Again, despite the small percentages, the absolute numbers of affected consumers were quite substantial: around 31,000 in England, 25,000 in Scotland, and 4,000 in Wales.
Loss of access to cash due to Covid-19 lockdown, by country
The maps below provide a more detailed insight into this regional variation by breaking down weekly losses of access by local authority areas and showing how the situation in each region evolved between early April and late May. In general, significant reductions in access were very short-lived in most of the UK, but access to cash in more remote areas of North Scotland, which often rely on mobile branch service, was more difficult to restore promptly.
7 April 2020 21 May 2020
Which closures affected access to cash the most?
The majority of the closures of sources of cash during the lockdown occurred in areas where alternative sources were still operating not far away. On average, only one in thirty (3.3%) closures resulted in a material reduction of access to cash for local residents.
However, there was significant geographic variation in the likelihood of closures having material impact on access. Almost three quarters (74%) of Covid-related closures of cash sources have been in large and medium urban areas, where the likelihood of an individual closure resulting in a loss of access within three miles was extremely low (0.21%).
But among the closures of cash sources in rural areas due to Covid-19 one out of nine (11.7%) led to local residents losing access to cash within a 3 mile radius.
The impact also varied by the type of the cash source that was withdrawn. Among ATMs and bricks and mortar branch closures, around 5% left local residents with no alternative nearby. But the impact of mobile branch and Post Office closures was more pronounced. More than 15% of closures of these services led to a loss of access to cash within 3 miles for local residents.
Share of closures which led to loss of cash access within 3 miles, by type of cash source.
The Covid-19 crisis put the UK’s cash infrastructure to the test.
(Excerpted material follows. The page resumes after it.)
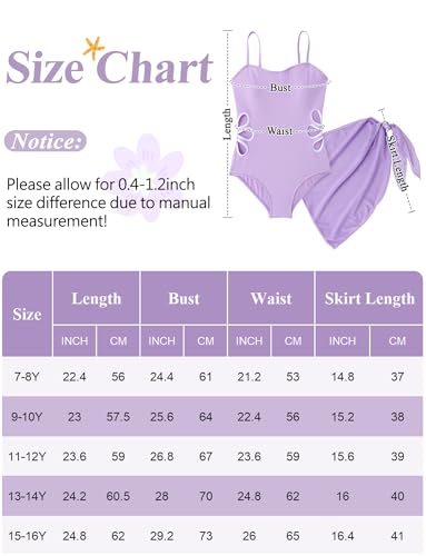 • Girls Bathing Suit features a trendy cut-out petal design with a round neckline and adjustable straps for a customizable fit. This Girls One Piece Swimsuit comes with a matching Cover Up Skirt, adding both modesty and sun protection

While the aggregate picture may show access to cash was sustained for the overwhelming majority of the population, it has revealed the points of weakness – those areas which by nature of their location or the type of cash services upon which they depend are more at risk in the event of a lockdown or similar crisis.
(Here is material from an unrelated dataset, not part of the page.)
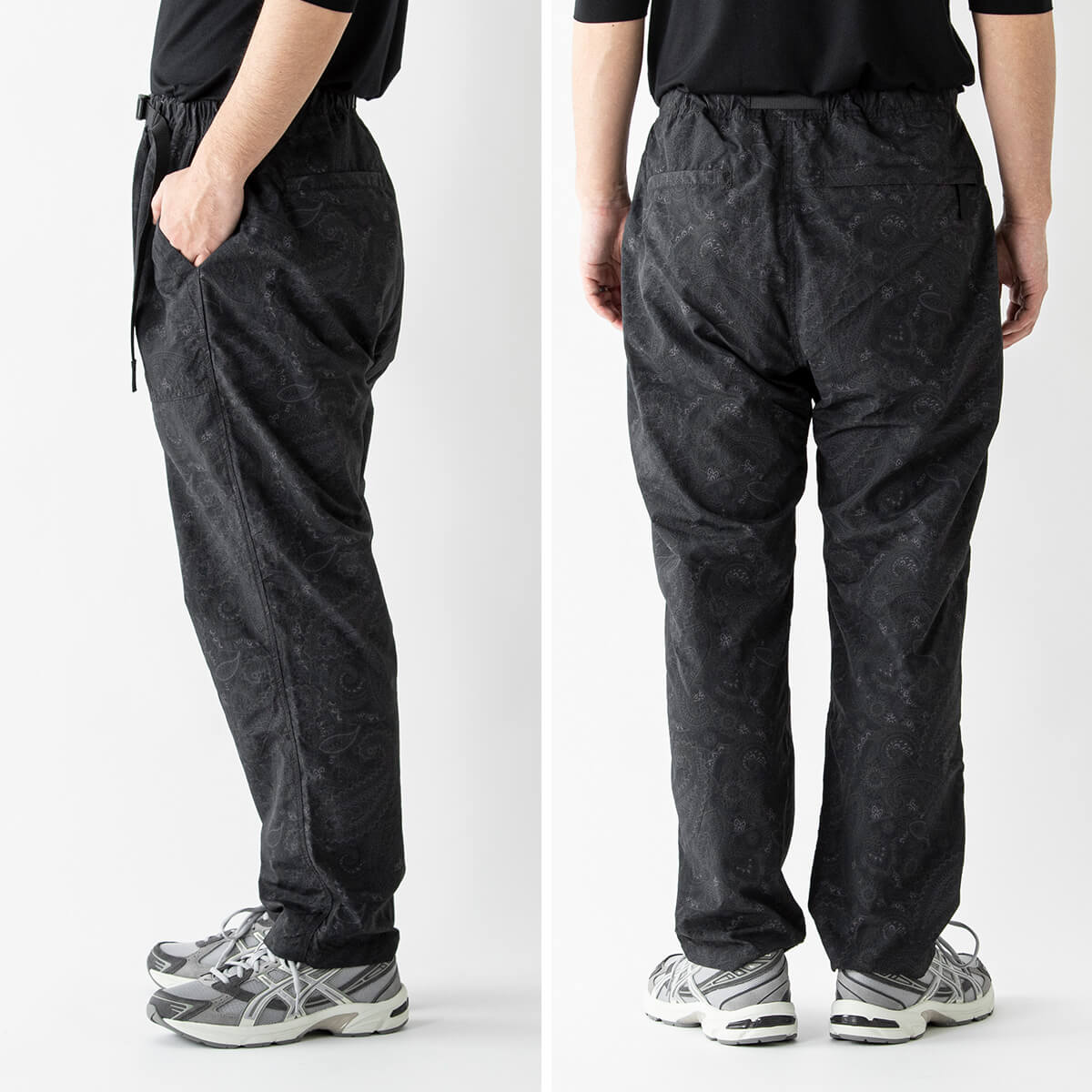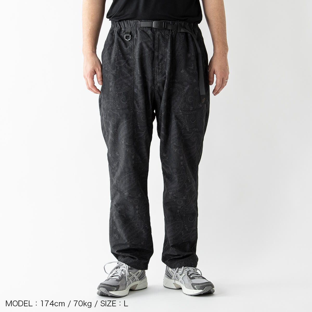 膝から裾にかけて徐々に細くなるルーズシルエットのパンツを、さらにワイドにアレンジ。腰回りにはDカンを配置、垂れ下がるベルト部分を5cm延長することで、デザインにアクセントを加えている。

This real-time study of access to cash during the Covid-19 crisis forms a part of a larger body of ongoing work being carried out to ensure that access to cash is maintained in the longer term.
As part of the wider programme, the FCA, PSR, and researchers from the University of Bristol aim to build upon this initial Covid-19 mapping work to create a more comprehensive picture of cash access across the UK and to better understand demand for cash among consumers. We are using this analysis to inform our work with the Joint Authorities Cash Strategy group, that includes the FCA, PSR, Bank of England, and HM Treasury, to develop suitable solutions for cash access over the longer term.